Why do all pros ride PU /Polyester as their go to construction ?
what affect does having Pro's riding disposable equipment have on the market , when there are so many superior technologies to make boards out of ..??
Imagine if Pro's could not break or have only 5-? boards a year??

Beloved shaper and half-man, half-bear Maurice Cole is just as perplexed as I am by the weird lag between interesting advances in surfboard materials and the archaic equipment elite pros ride. He’s especially interested in the advances in sustainably produced materials. At a panel discussion during the most recent Boardroom surf show in San Diego, Cole suggested to the crowd that the WSL should implement a rule requiring the use of environmentally friendlier boards in their contests. A longtime auto-racing fan, Cole explained that back in 2014, the suits directing Formula One (the world’s most elite car-racing series) decided that all cars would switch to six-cylinder hybrid motors, which are far more fuel efficient than the gas-guzzling eight-cylinder motors they replaced. If Formula One could require a dramatic change in the equipment their pros use—all in the name of being a bit more environmentally friendly—Cole wondered aloud, why not surfing?

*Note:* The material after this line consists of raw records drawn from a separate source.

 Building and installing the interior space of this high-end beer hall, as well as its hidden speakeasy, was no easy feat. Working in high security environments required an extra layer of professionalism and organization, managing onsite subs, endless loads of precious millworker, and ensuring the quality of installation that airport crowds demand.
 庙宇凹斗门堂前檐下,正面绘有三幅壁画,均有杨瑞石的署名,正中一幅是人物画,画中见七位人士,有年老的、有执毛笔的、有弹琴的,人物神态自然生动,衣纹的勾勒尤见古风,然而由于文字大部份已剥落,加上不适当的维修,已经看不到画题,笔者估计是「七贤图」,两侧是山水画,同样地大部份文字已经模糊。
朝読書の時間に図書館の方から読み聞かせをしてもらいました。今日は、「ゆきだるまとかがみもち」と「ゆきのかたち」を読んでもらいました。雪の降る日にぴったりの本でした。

It’s worth pointing out that Formula One’s experiment was a huge success. The cars are actually more efficient while producing the same, if not more, power and even higher performance. And whatever secrets automotive engineers unlock powering the world’s most advanced race cars will get plugged right into consumer cars in the next few years.

Cole recently shared with me a letter he wrote to the WSL brass. In the letter, Cole asked why surfing shouldn’t follow Formula One’s lead, and he outlined a multi-year proposal that would phase in sustainable surfboards for all riders. (The WSL responded saying that they’ve been trying to figure out a way to encourage more sustainable directives in all phases of the Tour, including surfboards.) Cole’s hope is that if more pros start riding sustainably made boards, more average Joes will too.

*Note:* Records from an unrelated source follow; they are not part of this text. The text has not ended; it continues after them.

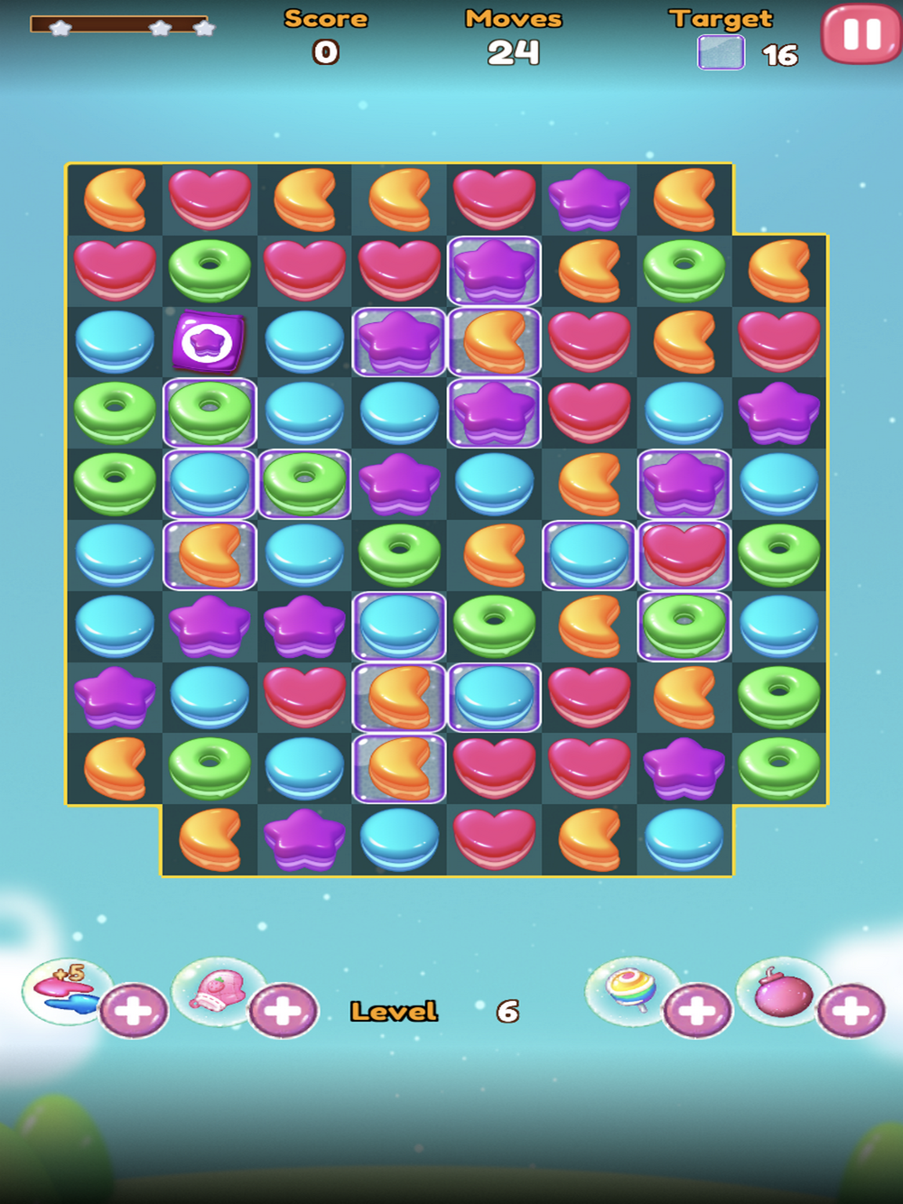 * مطابقة 3 حلويات من نوع واحد واللون تخلق البوب الذي يزيلها من اللوحة;
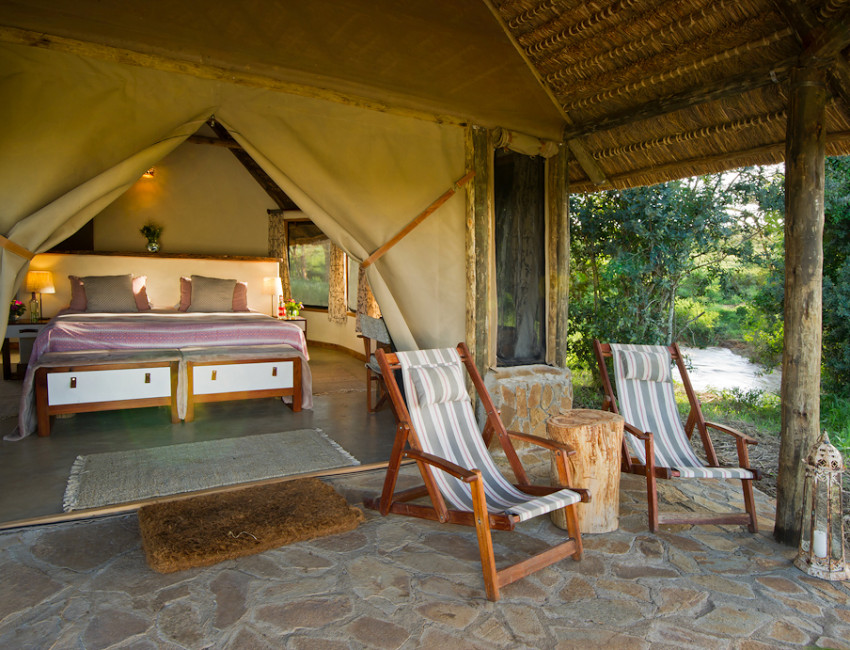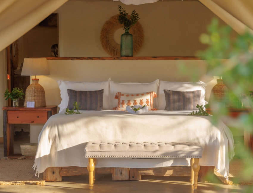 Du kan også go wild og bo i eksklusive telt ute i bushen. Her er det kun én gruppe av gangen. Miniumum fire voksne, maksimum ti. Dette er for den eventyrlystne som ønsker å virkelig fordype seg i både natur og dyreliv. En helt unik opplevelse.
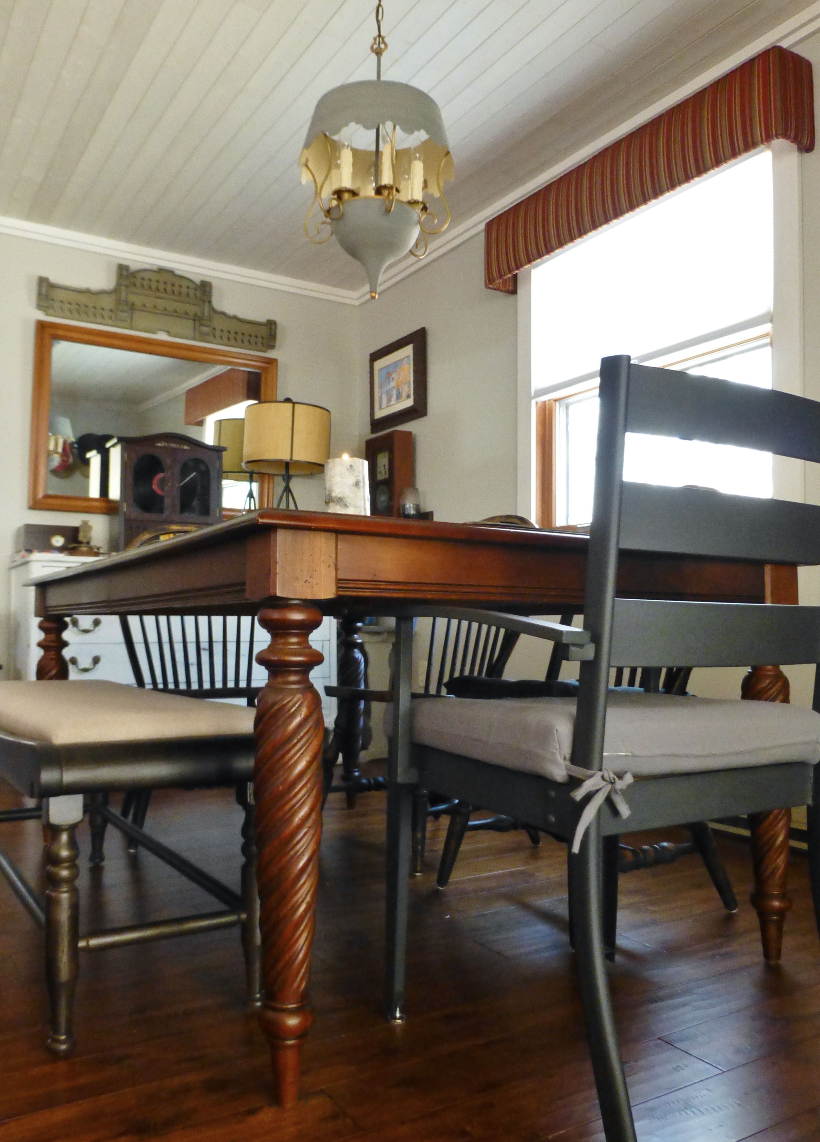 I’ll leave you with this parting image of the wonderful carved legs on my new dining table at The Shack. You can see our planked ceiling in this image too…everything’s coming right along and things are really starting to shape up in our little Poconos cabin.

He’s probably right. For those materially conservative surfers who still take their cues from whatever Kolohe Andino is riding, WSL-level endorsement of non-traditional board construction would be a big motivator to give something different a try. And it’s certainly about time. The Shortboard Revolution was 50 years ago, and the next revolution in surfboards is long overdue. Who knows, in another 50 maybe somebody like me will be bitching about riding the same old blanks made from tree fungus.

[This feature originally appeared in “Hidden In Plain Sight,” our October 2016 Issue, on newsstands and available for download now.]

Read more at http://www.surfermag.com/blogs/culture/trickle-up-surfonomics/#K0Hz3hGvB...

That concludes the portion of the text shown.